As written you could (and should) leave the 20ms delay, pushing the button would make the motors go full speed.

If you want to increment the speed based on button presses that could definately be accomplished…

#define SPEED_INCREMENT 20

bool motorMoving = false;
bool motorReverse = false;
bool buttonApressed = false;
bool buttonBpressed = false;
bool buttonCpressed = false;
bool buttonDpressed = false;

int motorSpeed = 0;

while(true) {

	// Motor moving toggle
	if(vexRT[Btn6UXmtr2] && !buttonApressed) {

		buttonApressed = true;
 
		// Reverse motor state (! means NOT, as in opposite !true == false, !false == true)
	 	motorMoving = !motorMoving;

	} else {
		buttonApressed = false;
	}
 
	// Motor reversed toggle
	if(vexRT[Btn6DXmtr2] && !buttonBpressed) {
 
		buttonBpressed = true;
 
		// Reverse motor state (! means NOT, as in opposite !true == false, !false == true)
		motorReverse = !motorReverse;

	} else {
		buttonBpressed = false;
	}

	// Increase motor speed
	if(vexRT[SPEED_UP] && !buttonCpressed) {
 
		buttonCpressed = true;
 
		motorSpeed += (motorSpeed > 127) ? 0 : SPEED_INCREMENT;

	} else {
		buttonCpressed = false;
	}

	// Decrease motor speed
	if(vexRT[SPEED_DOWN] && !buttonDpressed) {
 
		buttonDpressed = true;
 
		motorSpeed -= (motorSpeed < -127) ? 0 : SPEED_INCREMENT;

	} else {
		buttonDpressed = false;
	}

	if(motorMoving) {

		if(motorReverse) {
			motor(leftflywheel) = -motorSpeed;
			motor(rightflywheel) = -motorSpeed;
		} else {
			motor(leftflywheel) = motorSpeed;
			motor(rightflywheel) = motorSpeed;
		}

	} else {
		motor(leftflywheel) = 0;
		motor(rightflywheel) = 0;
	}

	wait1MSec(20);

}

BTW I highly recommend the Forum Syntax Highlighter Google Chrome plugin for code reading pleasure.

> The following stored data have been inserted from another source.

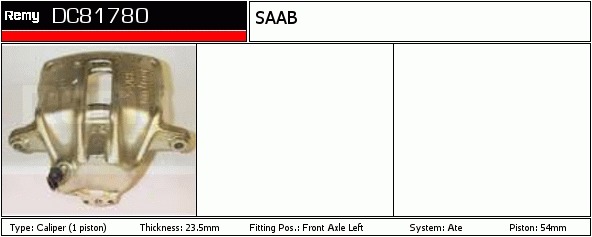 Dodatkowe informacje o produkcie Zacisk hamulca, Calipers DC81780 DELCO REMY AUTOMOTIVE EUROPE
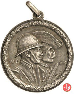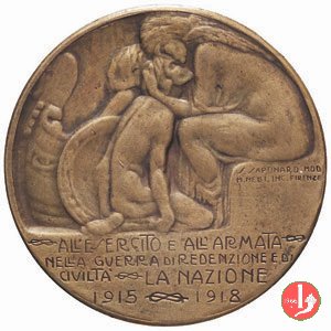 All'Esercito e All'Armata Dritto: VITTORIO EMANUELE III _ RE D'ITALIA busto a sx con uniforme in esergo: ALL'ESERCITO E ALL'ARMATA # = NELLA GUERRA DI REDENZIONE E DI = CIVILTA' # LA NAZIONE = 1915 # 1918 nel campo a dx, sotto alla seduta: S. SAPONARO MOD. = M. NELLI INC. FIRENZE # = nodo d'amore | |
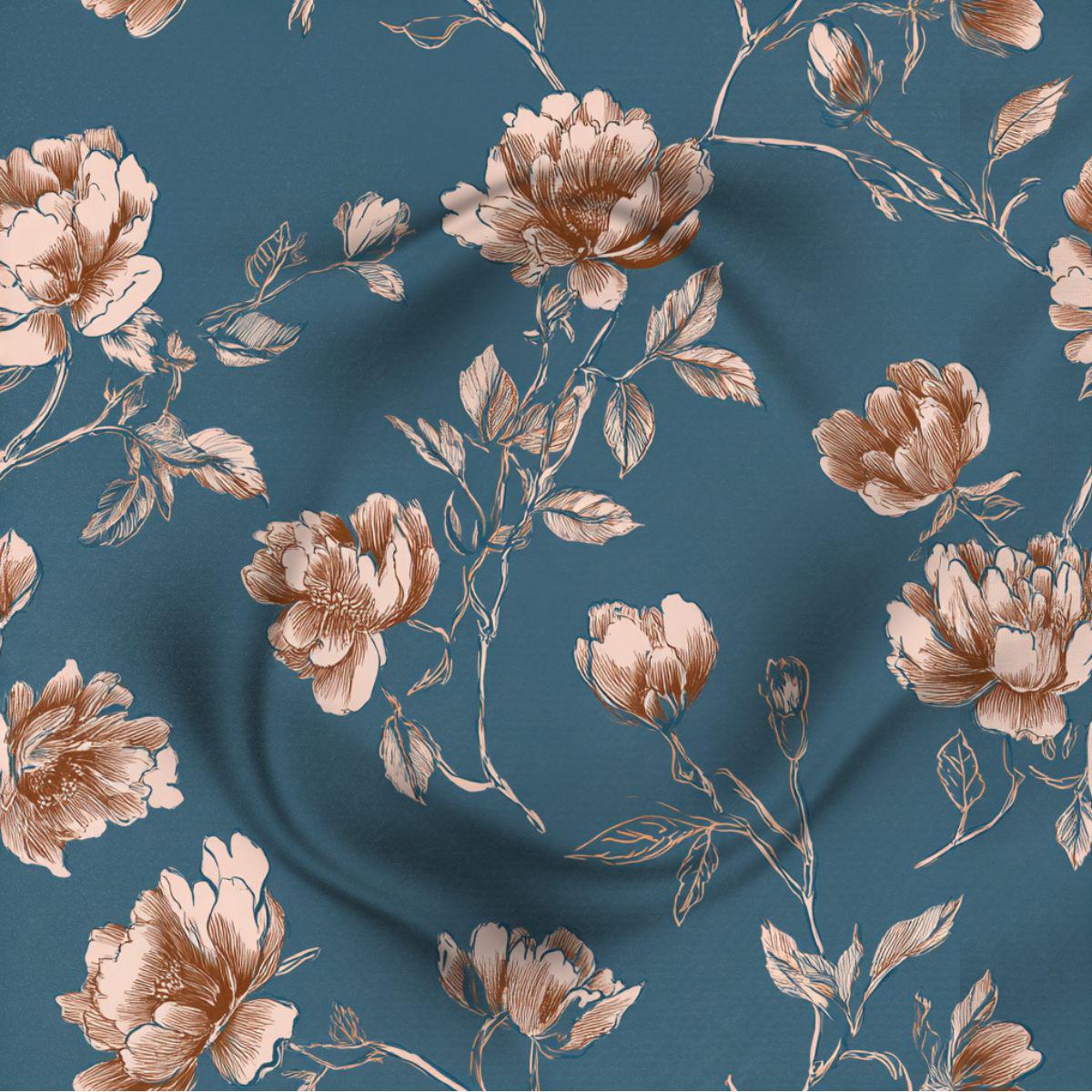 Quiet Notes in the Music Room is a refined botanical design printed on luxurious Pima cotton, featuring softly drawn florals in warm ivory and muted copper set against a deep, composed teal ground. Inspired by afternoon light, polished wood floors, and the stillness between melodies, this pattern carries a sense of rhythm and restraint. Elegant without being ornate and expressive without excess, it brings calm sophistication to bedding, drapery, and home accents meant to be enjoyed quietly and lived with beautifully. The long-staple Pima cotton offers exceptional softness and a graceful drape that elevates every detail.

Cody, I am not sure, but i think that the wait10Ms function doesn’t exist (it is wait1MSec), I just checked the docs.
I also recommend the Syntax Highlight. It makes reading code so much better.

ROBOTC had / has something like that…

Yeah it’s wait1MSec, I’ll fix the other posts.

It’s still available in V4.30 but is deprecated (ie. best not to use for new programs).